> RAW DATA:
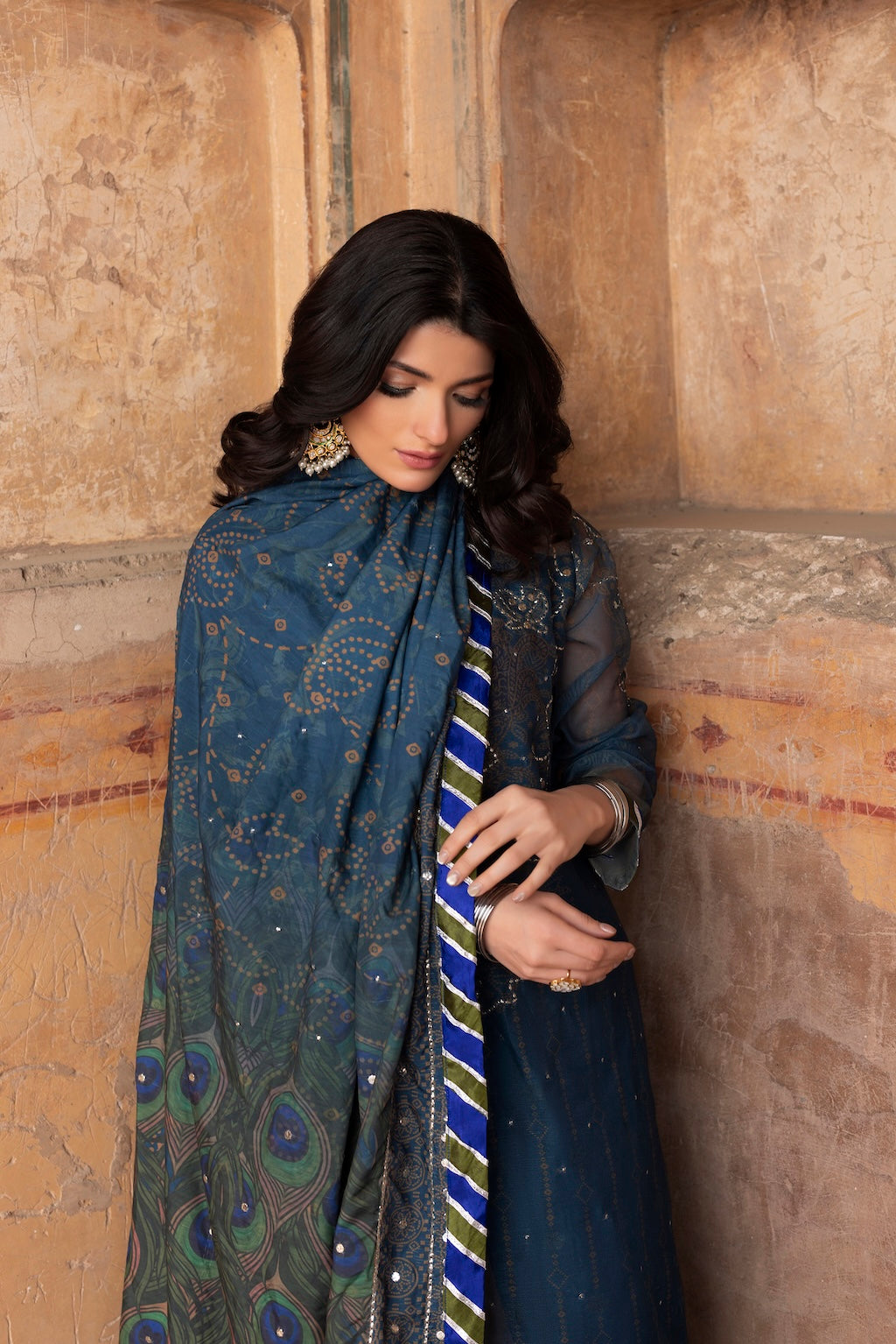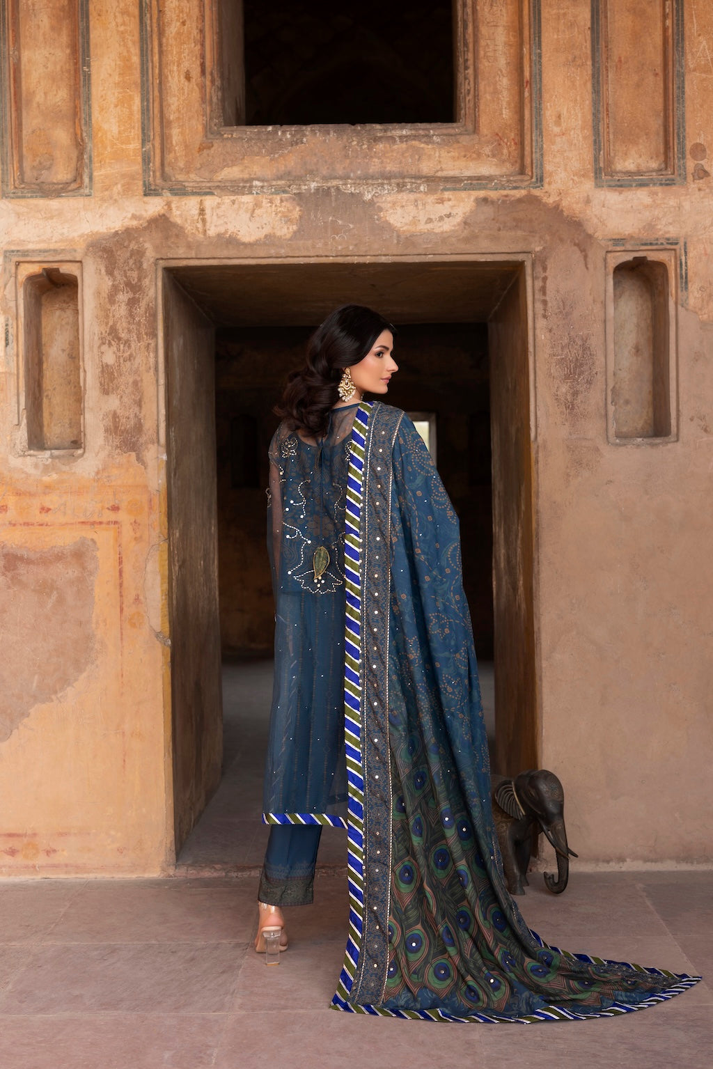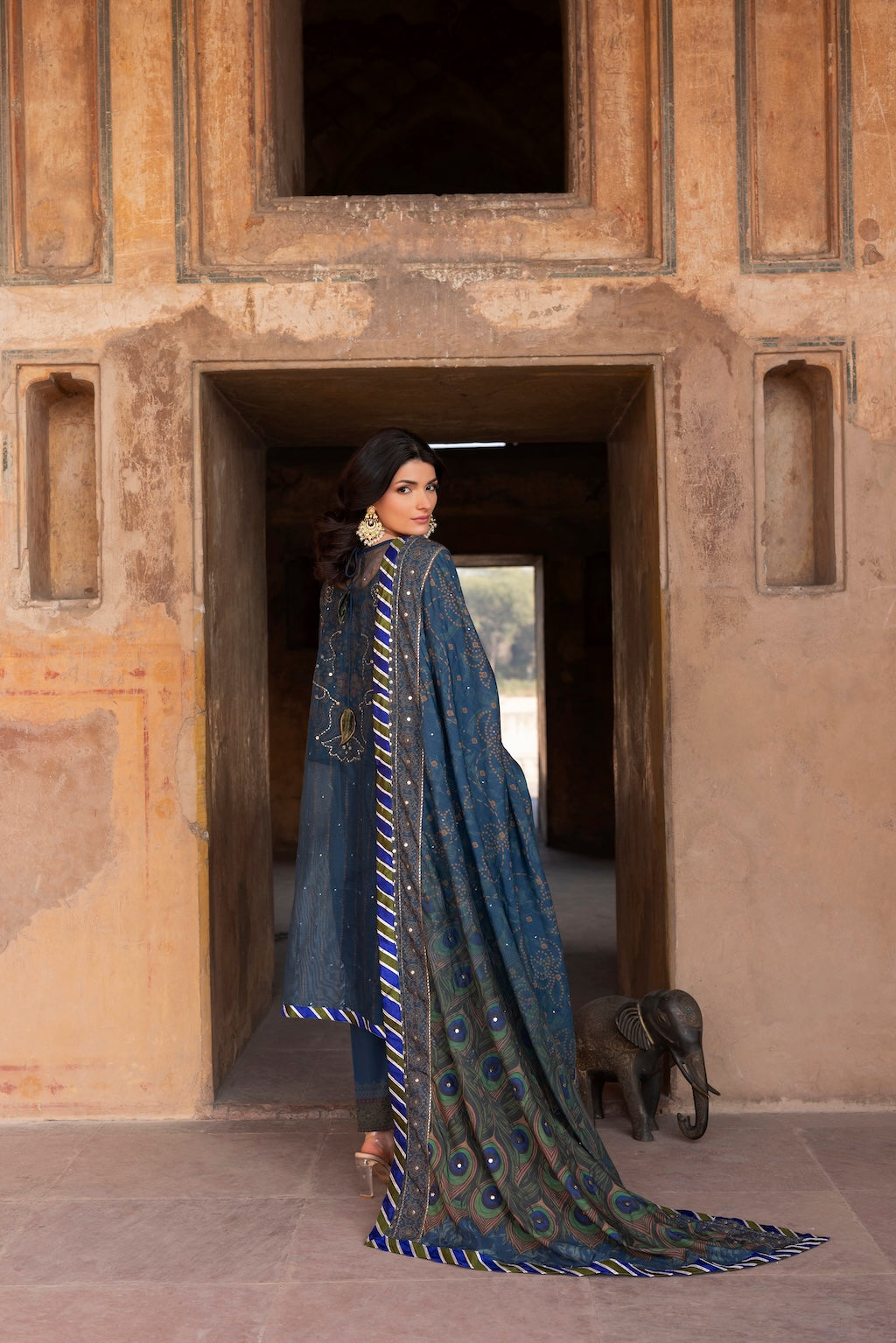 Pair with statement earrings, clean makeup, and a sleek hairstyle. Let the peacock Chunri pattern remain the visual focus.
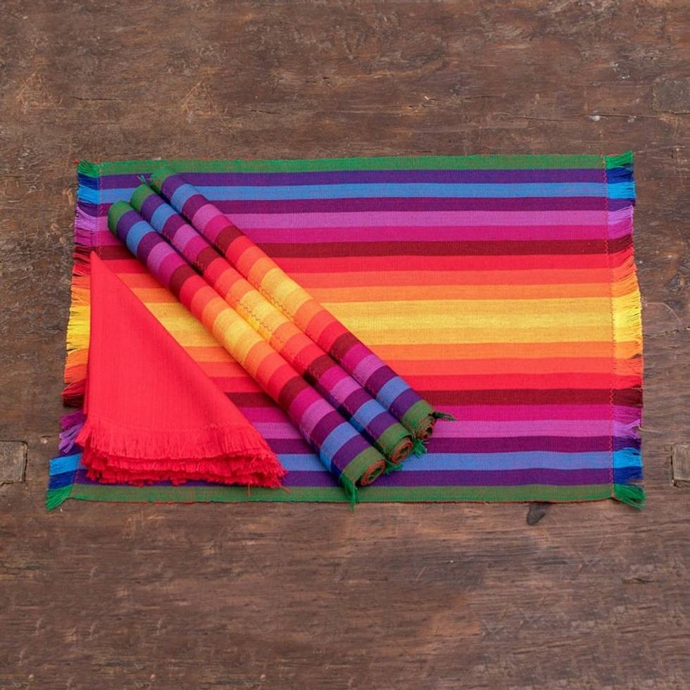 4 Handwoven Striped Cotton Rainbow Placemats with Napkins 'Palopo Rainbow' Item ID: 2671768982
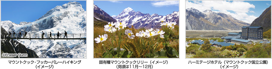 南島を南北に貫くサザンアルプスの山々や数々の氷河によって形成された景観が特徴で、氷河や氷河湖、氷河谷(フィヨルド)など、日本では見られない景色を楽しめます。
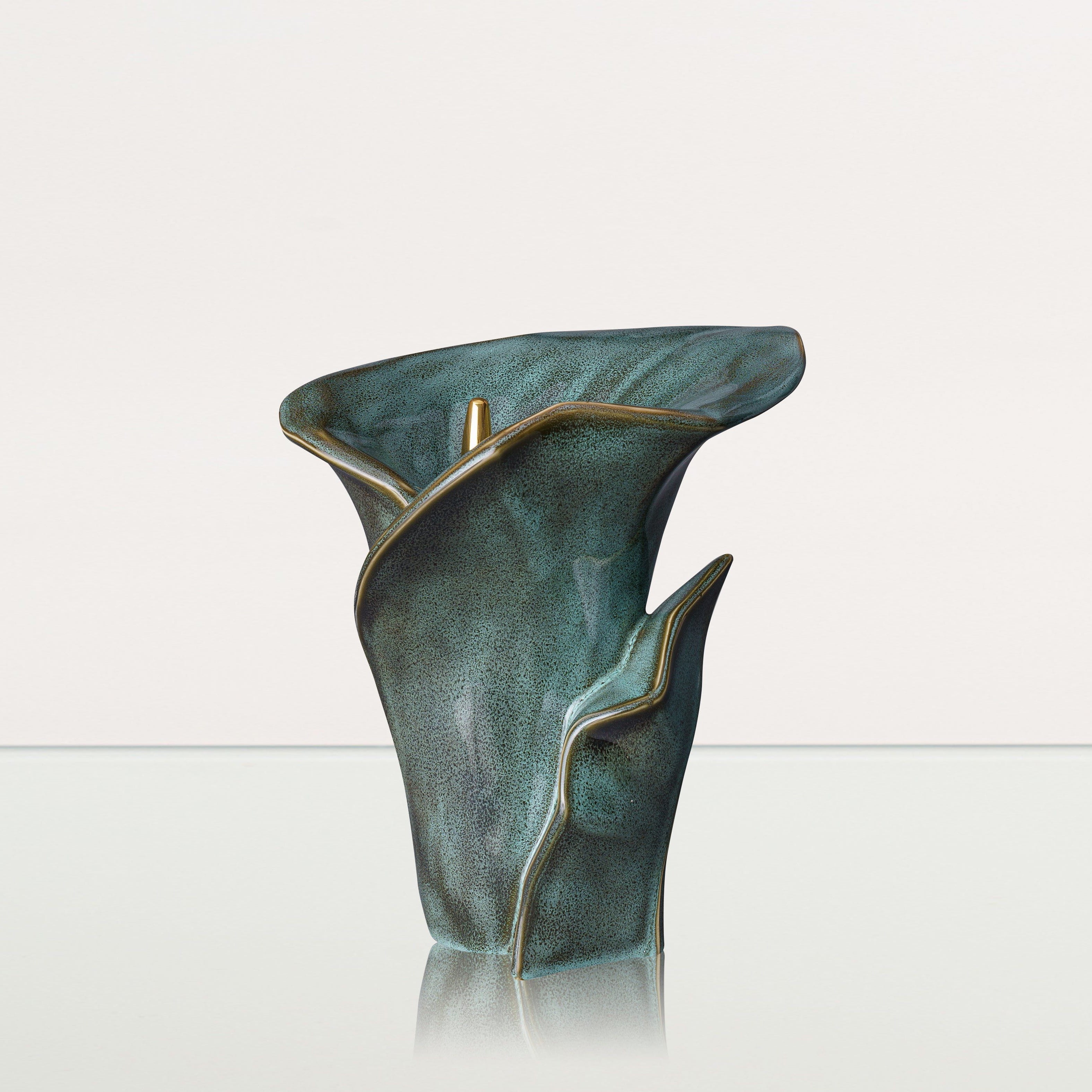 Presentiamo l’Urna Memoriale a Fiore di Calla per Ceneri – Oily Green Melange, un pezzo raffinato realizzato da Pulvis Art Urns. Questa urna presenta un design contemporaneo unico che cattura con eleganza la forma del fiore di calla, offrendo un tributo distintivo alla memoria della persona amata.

> TASK PROMPT: Line by line and exactly, write out the material above. Skip the pictures.

> SOLVED PROBLEM:
 Pair with statement earrings, clean makeup, and a sleek hairstyle. Let the peacock Chunri pattern remain the visual focus.
 4 Handwoven Striped Cotton Rainbow Placemats with Napkins 'Palopo Rainbow' Item ID: 2671768982
 南島を南北に貫くサザンアルプスの山々や数々の氷河によって形成された景観が特徴で、氷河や氷河湖、氷河谷(フィヨルド)など、日本では見られない景色を楽しめます。
 Presentiamo l’Urna Memoriale a Fiore di Calla per Ceneri – Oily Green Melange, un pezzo raffinato realizzato da Pulvis Art Urns. Questa urna presenta un design contemporaneo unico che cattura con eleganza la forma del fiore di calla, offrendo un tributo distintivo alla memoria della persona amata.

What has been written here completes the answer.